ヒッチハイクの文化や方法、旅行記を綴っています。カナダ北部での生活や文化も紹介。

04月30日其の2−カナダの環境問題

「それで、何も持っていない時の必需品のもう一つは何ですか?」


「もう一つはビニール袋だ。」
「ビニール袋?」
「ああ、森の中で夜を越すときなんかは寝袋代わりになる。ビニール袋と言っても特大のヤツさ。それを2重にして中に入ればかなりの保温効果があるし、まず風はほとんど中に入らない。後ろのトランクに2,3枚ビニール袋が入っているから後で持っていきなよ。」
「いいんですか?ありがとう。」
「気にしないでくれ。ただこの季節はユコンみたいにもっと北に行けば熊が目を覚ます季節だから気を付けなよ。空腹の熊に会ったら最悪の事が起きるぜ。


彼の忠告には少し寒気がしたが、ヒッチハイクの知恵や熊の話しなんかはカナダ人そのものという感じで、少し楽しくなった。
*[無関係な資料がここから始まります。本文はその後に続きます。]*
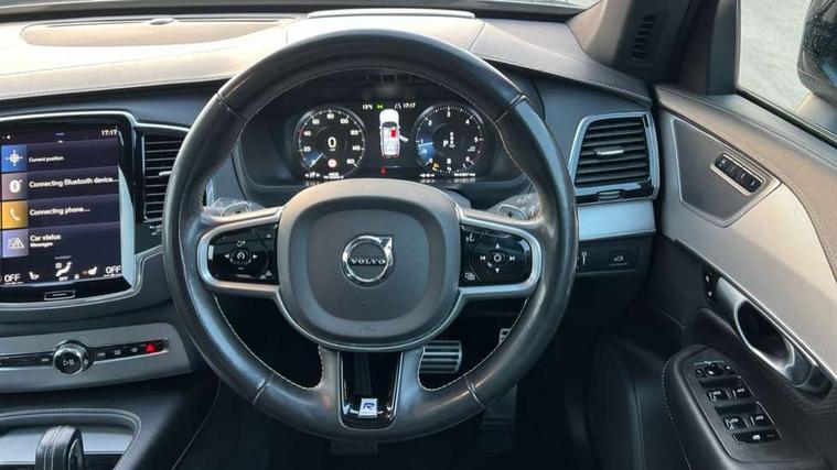 12.3" Active TFT crystal driver's instrument display, 9" centre console portrait touch screen, Adjustable steering wheel force, Bluetooth hands free telephone connection, Drive mode settings, Driver alert control with lane keeping aid, Front and rear park assist, Handsfree power tailgate opening and closing, Intellisafe assist - Adaptive cruise control with pilot assist, Oncoming Lane Mitigation, Sensus navigation with European mapping and traffic information, Service interval indicator, Speed limiter, Speed sensitive steering, Trip computer, Voice activated control for key functions, Volvo on call, Wireless internet connection, 8 speed automatic transmission with start/stop + manual change functions, Active four C chassis - four corner adaptive dampers with electronic air suspension, All wheel drive system, Touring chassis, DAB Radio (Digital Audio Broadcasting), Steering wheel audio controls, Steering wheel remote infotainment controls, Active bending headlights with adaptive shadow technology, Adaptive brake lights with high level LED brake lights, Auto dimming interior + exterior mirrors, Automatic headlight levelling system, Automatic LED Headlights + Active high beam incorporating daytime running lights, Body colour bumpers, Colour coordinated auto folding and heated power door mirrors, Dark tinted windows for rear side windows and cargo area, Dual integrated exhaust pipes with high gloss black surround, Front and rear power windows, Front LED fog lights with cornering function, High gloss black Deco lower front bumper, High gloss black door mirrors, High gloss black mesh front grille with silk metal surround, High gloss black window surround, Home safe and approach lighting, Integrated roof rails in high gloss black, Puddle lights, Rain sensor with automatic windscreen wiper activation, Rear wash/wipe with intermittent wipe setting, Roof antenna, Roof spoiler, Visible VIN plate, 2nd Row centre armrest with storage and cupholders, 3 spoke leather steering wheel and illuminated gear knob with chrome trim, A-pillar parking ticket holder, Ambient door and instrument panel lighting, B Pillar ventilation, Bright metal luggage threshold, Cargo divider with grocery bag holder, Centre console cupholders and storage, Driver's side lower dashboard storage compartment, Front and rear door pocket and front cupholder illumination, Front and rear reading lights, multi-colour theatre lighting and centre armrest storage illumination, Front footwell and side step illumination, Front headrests, Front seat cushion extensions, Heated front seats, Height/reach adjustable steering column, Illuminated front and rear R-Design tread plates, Illuminated luggage compartment, Illuminated tailgate, Illuminated vanity mirrors + ticket holder, Illumination lockable glovebox compartment, Isofix outer rear child seat preparation in 2nd row, Load protection net, Nappa Leather Key Integrated Remote, Outboard armrest with cupholder and storage for third row passengers, Passenger seat electric height adjuster, Power driver seat with multi directional lumbar support and memory for seat and exterior mirrors, Rear footwell and side step illumination, Rear headrests, Semi automatic load cover, Sports floor mats, Sports leather gear knob, Sports pedals, Sports steering wheel with gear shift paddles, Three 2nd row individual folding passenger seats with fore/aft adjustment, Two 3rd row individual folding passenger seats, Underfloor cargo storage, 7 three point seatbelts, City safety includes pedestrian, cyclist and large animal detection and front collision warning with full auto brake, Drivers knee airbag, Dual stage driver/passenger airbags, First aid kit, Front and rear curtain airbags, Front seat side impact airbags, Front seats SIPS airbags, Hill descent control, Hill start assist, IC (Inflatable Curtains) - Full Length, Passenger airbag cut-off switch, Power parking brake with auto hold function, Road sign information display, Run off Road Mitigation, Run off Road Protection, Seatbelt reminder and pretensioners for all seats, SIPS (Side Impact Protection System), Slippery road and hazard light alert, Stability and Traction Control with Spin control, Engine Drag Control and Corner Traction Control, Tyre pressure monitoring system, Vehicle deceleration control with Anti-lock Brake System, Electronic Brake Distribution and Emergency Brake Assist, Warning triangle, WHIPS whiplash protection system - front, Anti-theft alarm including immobiliser/volume sensor + level sensor, Key integrated remote control central locking + fuel flap with deadlocking system and auto open/close power windows, Keyless drive (includes keyless entry and keyless start) with remote tag, Locking wheel nuts, Private locking for glovebox and tailgate, Tailored Instrument Panel and Door Tops with Contrast Stitching, Tempa spare wheel and jack,

1時間くらいするとやっとPrince Georgeに着いた。


すると彼が言った 「それでどうするかい?僕はこれからSmithersの前の町まで向かう。ここで降りてFort Nelson方向に行ってもいいが、Smithers方面に行くって手もあるんだ。」
「他の道もあったんですか?」
「ああ、ユコンまで続いている。Fort Nelsonは工業の町でWhitehorseやアラスカに行く車が多いからヒッチハイクはしやすいが、Smithersの道は景色がはるかに良い。どうする?」
僕は少し考えて答えた。
「ならSmithersに行きます。」
「そうか、それはいい判断だ。交通量が少ないのが難点だが、帰りに通るよりは良いからね。」
「どういうことですか?」
「それは帰りに分かるさ。」


彼が急に僕のガイドのように感じられてきた。
そのまま僕たちはPrince Georgeを抜けてSmithers方面に走っていった。


1時間くらいすると伐採されている森林が目立ってきた

「ここら辺はよく木を切っているんだ。カナダは世界最大の林産業を持っているからね。」
「そうだったんですか?」
「ああ、輸出のかなりの割合はアメリカに行っているんだが、日本にもたくさん行っていると思う。」
「そうだったんですか。知りませんでした。」
「もう少しでものすごい場所を見れるよ。初めてみたら驚くよあれは。植林もしているんだが、とてもじゃないけど間に合わないさ。タダでさえ温暖化でものすごい量の木が毎年倒れているのに。」


「温暖化で木が倒れるんですか?そんなことってあるんですか?」
「あるよ。ただ気温の高さが木をダメにしているんではない。このあたりの木にはある悪い虫がすんでいてね。木の内部を食い荒らしてしまうんだ。でも10年以上前までは冬の厳しい寒さでほとんどの虫が死んでしまったんだ。でも、最近は温暖化の原因でこの虫が冬に死ななくなってね、残った虫が酷い勢いで内陸中の木を倒してしまっているんだ。」
「そうなんですか。。。」


彼は本当に勉強になることを僕に教えてくれていた。

ただ旅行しているだけでは絶対にここまで深いその土地の情報なんて入らない。
ヒッチハイクではこういう風にその土地の話を聞けるのが素晴らしいなぁ、と僕は座りながら考えていた。


また少し走ると、森林の伐採場が見えてきた。
始めてみるそれは、信じられないくらい巨大な量の木が地面に横たわっていた。


本当に東京ドームと同じような大きさの木が整然と積み上げられている場所だった。
木を切り倒した後にまた何か切るための大きな機械があったが、その横には信じられないくらい大きな木屑が山のようになっていて、本当に驚いた。


その大きさといえば小さな山ほどだ。それだけ大量の木がここでは切られているのか、と実感した。
日本を含め、先進国の消費文化は最近では発展途上国にもうつり、世界中のビニールや紙の消費がここまで資源の搾取に繋がっているのかと車の中で考えていた。


僕たちはその場を無言で通り過ぎ、先へ向かった。